The virtual Arawyn faced the Borg probe. This time, the sequence was brutal and efficient: sensor lock and weapons discharge happened in the same microsecond. The probe didn't have time to adapt. It detonated before its shields modulated, a flower of light and shrapnel blooming in the tactical display.
Time to destruction: 1.1 seconds.
Beautiful.
Then the simulation issued a warning: ALERT – SENSOR ARRAY HYPERSENSITIVITY – TRACKING 47 FALSE POSITIVES.
The holographic debris field lingered, slowly dissipating.
The warning text shone red, reflected in his eyes. He frowned, scrolling through the sensor log. The system flagged background radiation spikes, ion wakes from distant ships, and even subspace fluctuations as possible threats. The targeting computer was now hair-trigger reactive, tracking everything within sensor range and running threat assessments on contacts that would normally be ignored as noise.
It still knew what was hostile and what wasn't. But it was ready to engage anything that crossed threat thresholds. The line between vigilance and paranoia was razor-thin, and his patch had just walked right up to it and leaned in close.
He reviewed the false-positive log: sensor ghosts, phantom mass readings, and debris clusters that triggered weapons prep cycles. The holointerface flickered as he layered multiple sensor feeds. His eyes ached. His throat was dry. He realized he hadn't had water in hours.
A paranoid ship is a ship that doesn't get ambushed, he thought. In the Borderlands, paranoia keeps you alive.
He sat back, exhaled slowly through his nose.
The patch was dangerous. He knew that. It would require constant supervision, constant correction. One sensor glitch may escalate a benign situation into a firefight. One false positive at the wrong moment could start a war. It traded safety margins for combat effectiveness, and those margins existed for reasons that usually started with "after review of the tragic incident."
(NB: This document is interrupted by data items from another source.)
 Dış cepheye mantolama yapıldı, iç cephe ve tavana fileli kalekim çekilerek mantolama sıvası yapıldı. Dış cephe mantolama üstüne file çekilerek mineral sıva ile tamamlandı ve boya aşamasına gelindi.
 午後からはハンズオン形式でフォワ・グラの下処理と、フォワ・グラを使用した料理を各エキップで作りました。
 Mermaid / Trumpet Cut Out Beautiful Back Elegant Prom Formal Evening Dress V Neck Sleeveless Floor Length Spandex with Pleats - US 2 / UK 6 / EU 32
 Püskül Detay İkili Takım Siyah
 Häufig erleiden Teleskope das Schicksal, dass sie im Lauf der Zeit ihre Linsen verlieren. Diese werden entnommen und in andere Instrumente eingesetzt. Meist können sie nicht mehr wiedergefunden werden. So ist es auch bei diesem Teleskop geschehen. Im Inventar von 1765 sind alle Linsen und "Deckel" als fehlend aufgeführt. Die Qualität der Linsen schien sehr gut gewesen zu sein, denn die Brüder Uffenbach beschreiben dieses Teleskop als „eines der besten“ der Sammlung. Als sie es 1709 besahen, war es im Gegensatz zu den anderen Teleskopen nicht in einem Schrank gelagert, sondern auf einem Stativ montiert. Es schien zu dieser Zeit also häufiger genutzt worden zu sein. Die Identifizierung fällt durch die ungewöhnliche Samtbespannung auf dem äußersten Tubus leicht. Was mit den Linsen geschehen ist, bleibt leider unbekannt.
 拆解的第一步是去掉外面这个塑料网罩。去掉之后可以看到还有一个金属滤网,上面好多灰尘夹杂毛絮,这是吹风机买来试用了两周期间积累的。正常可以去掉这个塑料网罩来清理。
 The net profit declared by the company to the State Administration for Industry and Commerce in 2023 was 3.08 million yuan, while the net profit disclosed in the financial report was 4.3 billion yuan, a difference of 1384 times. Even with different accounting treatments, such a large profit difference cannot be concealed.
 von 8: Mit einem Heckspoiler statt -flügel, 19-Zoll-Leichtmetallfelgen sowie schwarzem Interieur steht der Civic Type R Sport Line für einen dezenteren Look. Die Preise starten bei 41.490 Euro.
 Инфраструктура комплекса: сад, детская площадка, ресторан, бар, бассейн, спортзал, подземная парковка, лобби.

He also knew that in a real engagement against Borg, Breen, or any serious threat, those 3.6 seconds he'd just saved were the difference between survival and a debris field with his name on the casualty list.
The silence of the core pressed against him. His hands were cold, fingers stiff. The coffee mug beside him had a thin skin of scum on the surface, too repulsive to drink, too wasteful to dump.
You're not building a ship, he thought. You're building a weapon. And weapons don't hesitate.
He cracked his neck, left then right. The sound carried in the empty space.
He finalized the targeting profile and loaded the ultimate test: a Borg Cube.
Twelfth iteration. Final exam. Full-scale tactical scenario, no restrictions, no safety nets. If the patch failed here, better to find out now, in the safety of a simulation, than later, when the stakes involve actual corpses.
The virtual Arawyn detected the Cube at extreme range. The Zero-Day patch activated. Targeting locked instantaneously. Phasers discharged at 127% output in a coordinated spread pattern designed to overwhelm adaptive shielding through sheer speed and violence.
The Cube's shields fluctuated, trying to compensate.
Too slow.
Secondary volley punched through. The Cube's power grid destabilized. Catastrophic failure. Green light bleeding from the wounds as the holographic construct fractured in slow motion.
Time to critical damage: 6.2 seconds.
The Arawyn took minor shield hits but survived intact. Zero casualties.
It was beautiful and horrifying in equal measure, the kind of thing that made you feel like a genius and a war criminal in the same breath.
There it is. The ship that doesn't die.
His heart beat in his chest. His hands were shaking, not from fear, but from adrenaline burnout, the crash after the high.
The simulation ended. The core lights began to restore to normal. Reality bled back in, unwelcome and unavoidable.
He saved the Zero-Day executable under a deliberately innocuous filename: Auxiliary_Coolant_Log_4.dat.
He buried it in a subdirectory tree reserved for mundane engineering reports, the kind of files nobody read unless they were desperately bored or hunting for something specific. He locked the Sandbox logs behind a command code only he knew. He erased the development history from the diagnostic buffer, scrubbing the evidence like a man who'd done this before.
Then he wrote a formal, by-the-book maintenance report documenting "minor thermal performance improvements to phaser emitter coolant distribution"—technically true, functionally a lie, the kind of half-truth that would sail through review because nobody questioned improvements. He filed it in the duty log at 0342 hours.
The core was warming again, systems returning to standby. The lights were too bright now. His eyes watered. The smell of scorched ozone was stronger, clinging to his uniform like guilt.
You just armed a time bomb and labeled it "coolant."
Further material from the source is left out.